Le choix d’un professionnel pratiquant cette technique n’est donc pas difficile puisqu’il s’agit d’un choix sur critères géographiques (Lille, Paris, Marseille, Montpellier, etc). Vous pouvez cependant affiner votre choix en optant pour un praticien ayant signé la Charte de Qualité et de bonne pratique des membres de la SIHP, ce qui est signalé par une astérisque.

Pour chaque docteur, infirmière ou encore chirurgien-dentiste présent dans la liste, vous avez un numéro de téléphone disponible : il est donc possible de le contacter au préalable pour être certain qu’il sera en mesure de traiter votre problème.

Quel est le prix d’une séance ?

Le tarif d’une consultation varie selon les praticiens (médecins ou infirmiers) et de la technique employée (injection ou perfusion), mais il se situe généralement dans une fourchette allant de 30 € à 80 €.

L’hydrotomie est-elle prise en charge par la Sécurité Sociale ?

Attention, l’hydrotomie percutanée n’entre pas dans le cadre des techniques de soin réglementées et, à ce titre, n’est pas éligible à un remboursement par la Sécurité Sociale.

Mon avis sur cette technique

Malgré les quelques réserves émises ci-dessus, l’hydrotomie percutanée présente selon moi beaucoup d’avantages, à partir du moment où elle est réalisée dans le cabinet d’un praticien de confiance.
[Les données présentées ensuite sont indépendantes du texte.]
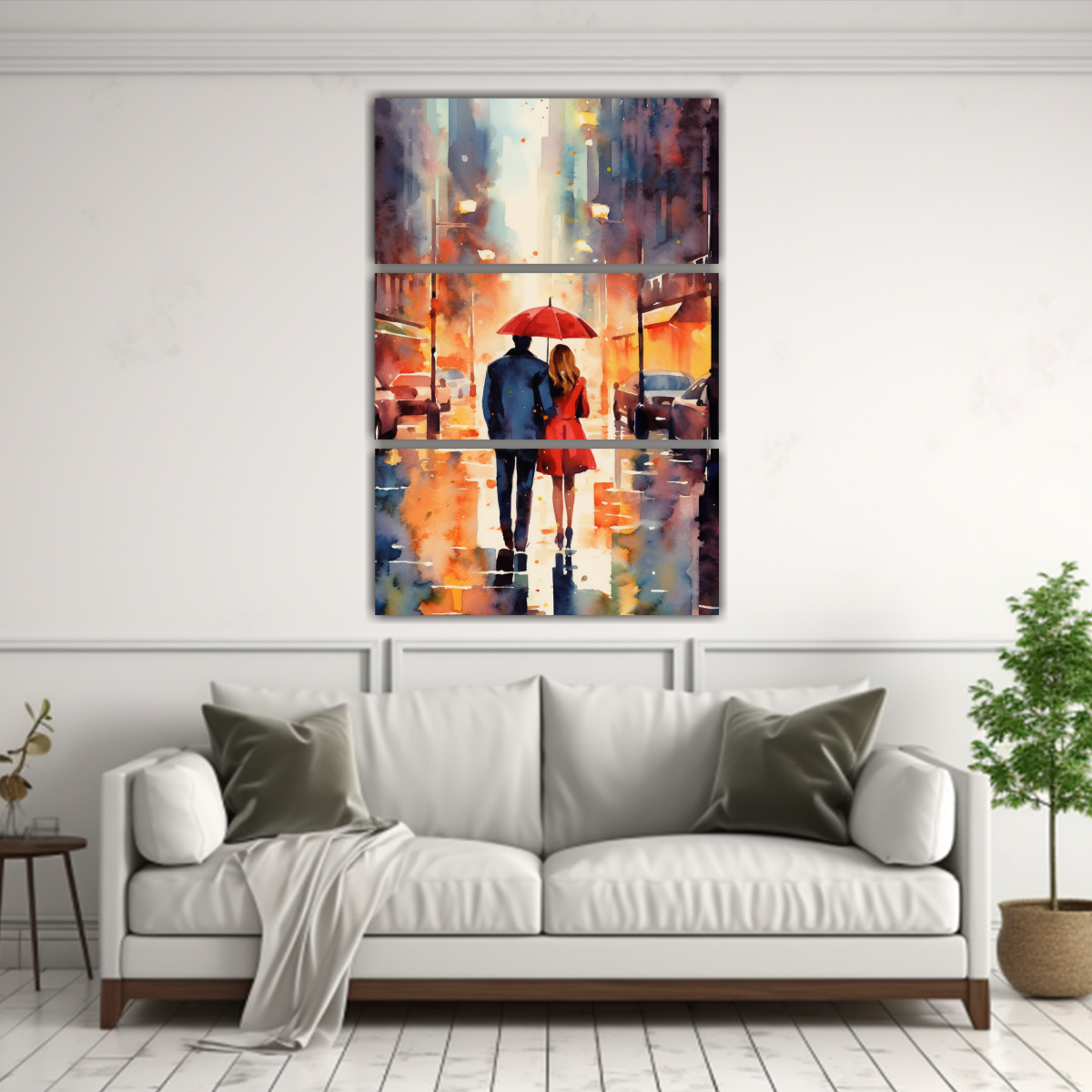 Pareja En Escena De Ciudad Lluviosa, Cuadros Acuarela

Voici les 3 raisons principales pour lesquelles je vous la conseille :

  • pas (ou très peu) d’effets secondaires : il s’agit d’une méthode sans réel effet secondaire, contrairement aux traitements médicamenteux. Les injections contiennent uniquement une solution saline physiologique, associée ou non à d’autres molécules. Pas d’antalgique. Pas d’anti-inflammatoire. Pas de cortisone.
  • des résultats rapides : les patients témoignent généralement d’une qualité de vie retrouvée au bout de 4 semaines, en moyenne. Certains voient même des progrès dès la première séance. Ils retrouvent par exemple le plaisir de jardiner, de faire du sport, ou simplement de rester debout sans douleurs. Les témoignages montrent des résultats concrets et durables.
  • une action sur les causes et non sur les symptômes : avec l’hydrotomie percutanée, le symptôme est uniquement le guide. On ne traite pas le symptôme mais bien la cause de la douleur. L’injection se fait sur le plan local, dans le but de nourrir et de régénérer les tissus articulaires.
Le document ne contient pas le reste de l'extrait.